Again, this is not top of Seloma’s list of priorities. What he wants more than anything is a permanent home for his children.
“Anything can happen to me at any time and I am worried that I may not be able to build them a house while I am still alive. I have no residential plot, but I have long applied for it through the landboard. I am still awaiting allocation.”
Delving deeper into his history, Seloma said he arrived in Maun in 2000 ‘as a messenger of God and to help people’. He originally set up base in Sexaxa, but was unable to hold down a permanent home and was always on the move.
A chance encounter with a kind-hearted Maun resident last year proved to be the stroke of luck that has been missing for much of the old man’s life.
Having stopped to give the hitch-hiking Seloma a lift into town, the good Samaritan found himself touched by his passenger’s tale and offered him a temporary home.
“I am not a lazy person. I am very active – it is just that jobs don’t come easily these days. So because I am a full time single father, I need a ploughing field so I can till and feed my children.”
The same people who provided Seloma with a house offered him their ploughing field.

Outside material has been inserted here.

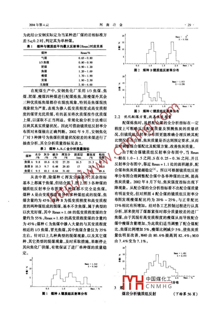2004年8月河南冶金Aug 2004.第12卷第4期HENAN METALLURGYVol.12 No.4煤巖分析在配煤生產中的應用李洪鈞曹紀剛宋英臣白巧枝劉立軍陳昕(安陽鋼鐵股份有限公司)摘要介紹了煤巖分析鏡質組反射率分 布圖的原理及在生產中的應用情況,通過煤巖分析有效促進了單種煤管理和配合煤質量的改善。關鍵詞煤巖分析單種煤配合煤質量改善APPLICATION OF COAL PETROGRAPHY ANALYSIS IN MATCHING COALli Hongjun Cao Jigang Song Yingchen Bai Qiaozhi Liu Ljun Chen Xin(Anyang lron & Seel Co. ,Ld)ABSTRACT The paeper introduces the rlectivit profile' s pinciple of coal petrography analysis and is aplication. Throughanalysis. , manegement of single coal and quality of matching coal have been improved.KEY WORDS coal petrography analysis single coal matching coal quality improvenent近年來,隨著冶金焦價格的不斷上漲以及優(yōu)質機組分中碳元素的含量增加而增加,不受煤的巖石煉焦煤資源的缺乏,各焦化企業(yè)使用的煉焦煤種及成分含量變化的影響,是目前公認的最能全面準確煤源有逐年增加的趨勢。在進煤過程中,由于各地反映煉焦煤變質程度和結焦性能的質量指標。不僅資源條件不同和煤的質量控制方法的差異,使得進可有效的對進廠單種煤進行跟蹤監(jiān)督和評價,杜絕場單種煤煤質波動較大,存在著不同程度的混煤現(xiàn)劣質煤進廠,降低焦化配煤成本,而且還可用于配合象,加之一些洗煤廠為了追求高額利潤,將一些劣質煤管理,優(yōu)化配煤方案,預測及改善焦炭質量”1。煤摻入優(yōu)質煤中故意混煤,造成單種煤煤質波動較2應用大。而焦化企業(yè)采用的常規(guī)化驗方法難以檢查監(jiān)測2.1單種煤混煤的判定混煤現(xiàn)象,使配煤生產受到嚴重影響,同時也不利于單種煤是指具有一定變質程度及相同煤巖組分焦炭質量的穩(wěn)定。因此,安鋼焦化廠經(jīng)過認真考察組成的煤。但由于成煤地質條件的差異、巖層深度分析,根據(jù)國內各廠均把鏡質組反射率確定為判定的不同及外界條件的影響,嚴格意義上的單種煤基煉焦煤變質程度的指標的情況,于2002年6月底引本上是不存在的。通常所謂的單種煤是指煤巖分析進了HY-3型全自動顯微光度計,利用其測定的鏡具有鏡質組反射率直方圖分布范圍窄、標準方差“S”質組反射率分布圖對進廠單種煤進行鑒定。小等特點的煤,并且該煤種的各批次來煤顯微組分HY- 3型全自動顯微光度計性能基本無變化。而混煤-般指變質程度不同的兩種或HY-3型全自動顯微光度計系統(tǒng)包括顯微光度兩種以上的單種煤按- -定 比例混合成煤巖組成差別計、四維自動掃描臺、數(shù)據(jù)采集系統(tǒng)、掃描物臺控制較大的煤,其煤巖分析表現(xiàn)為鏡質組反射率直方圖系統(tǒng)、計算機、打印機等。顯微光度計的測定點數(shù)在為雙峰或多峰、分布范圍寬及標準方差“S"大等特0.3~ 60萬點之間,測定速度為每分鐘0.5~ 10萬點。常規(guī)的煤的工業(yè)分析及全分析難以判定其混洗點。其通過3點直線提取方法,可準確反映進廠煤程度。但是由于各個煤種具有一定的鏡 質組平均最中各變質程度的煤的分布情況。配套計算機系統(tǒng)能大反射率(Rmax),并且反射率直方圖的標準方差s將自動測試和數(shù)據(jù)處理--次完成,可與常用打印機可以表示煤的混洗程度,因此可利用鏡質組反射率相連,顯示并打印出有關參數(shù)及曲線等。分布圖中的Rmax和s分別判定來煤煤種及煤的混HY -3型全自動顯微光度計煤巖分析系統(tǒng)具有洗程度。其中鏡質組平均最大反射率Rmax與煤種測定速度快、準確性高、節(jié)省人力等特點。其測定的中國煤化工差s較小時,雖然鏡質組反射率是一項較好的煤巖學指標,隨煤的有為此種煤為單種煤。*YHCNMHG聯(lián)系人:李洪鈞,副廠長,高級工程師,河南.安陽45004),安陽鋼鐵股份有限公司焦化廠;收稿日期2004-1- -292004年第4剛河南冶金29●為此結合安鋼實際定為當某種進廠煤的巖相標準方Rax。差S≤0.2時,判定其為單種煤。表1煤種與鏡質組平均最大反射率(Rmex)對 應關系物1煤種Rmox/%氣煤0.65~0.801/3焦煤0.80-0.902.0 Par/%肥煤0.90~1.20焦煤1.20~1.69圉2煤種B鏡質組反射率分布瘦煤1.70-1.900↑貧煤1.90~2.50無煙煤2.50- 6.00* 15S= 0.28在配煤生產中,安鋼焦化廠采用1/3焦煤、焦煤肥煤、瘦煤四種煤進行配煤煉焦,除瘦煤外其余三種優(yōu)質煉焦煤都存在混洗現(xiàn)象,特別是焦煤混洗20~- Rax/%-現(xiàn)象較為嚴重,表現(xiàn)為摻人低變質程度或高變質程圖3煤種C鏡質組反射率分布度的煤冒充優(yōu)質煤,有的甚至將次質煤按作優(yōu)質煤2.2 優(yōu)化配煤方案,改善焦炭質量上煤,以謀取不正當利益。常規(guī)化驗分析方法難以配煤煉焦時,雖然配合煤的全分析指標在一定反映其真實質量狀況。因此可借助鏡質組反射率分程度上可粗略反應配煤質量及預測焦炭的質量狀布圖對來煤做出正確判斷。2002 年9月,安鋼焦化況,但鏡質組反射率分布圖更能準確合理反映其配廠對3種牌號為焦煤但質量狀況較差的來煤進行了比情況是否合理,焦炭質量是否達到預定要求,從而抽查分析,其全分析質量指標見表2。及時調整混合煤配比及配煤方案,改善焦炭質量。表2煤種A.B.C全分析質指標煤種水分灰分硫分揮發(fā)分膠質層膨脹度粘轅由于配合煤鏡質組反射率分布圖中,當Rmax-般在1.0~1.5之間、S在0.25~0.36之間、并且焦煤A 9.8 10.6 0.52 27.3516.5 21.3 82.1反射率分布圖中,靠近

Unfortunately this year the yield was not good.
“My plan is to venture into vegetable irrigation, but I have no resources at the moment,” adds Selomam, who despite his predicament, smiles brightly through the majority of our interview.
Through the care of Love Botswana, a Non-Governmental Organisation (NGO) which worked tirelessly to help vulnerable and needy families during the lockdown period, Seloma currently has food in his house.
Love Botswana conducts outreach programmes and has given food hampers to numerous deserving families and, where they can, clothes as well.
A social worker at the NGO, Bokani Thekwini says they stand in the gap where government services do not reach.
“We work with different departments and other NGOs; they refer clients to us and some of the clients are referred to us by our different support groups from Maun wards. Communities know that we help the vulnerable so when they identify a desperate case they do consult us and that is how we got to know about Seloma’s case.”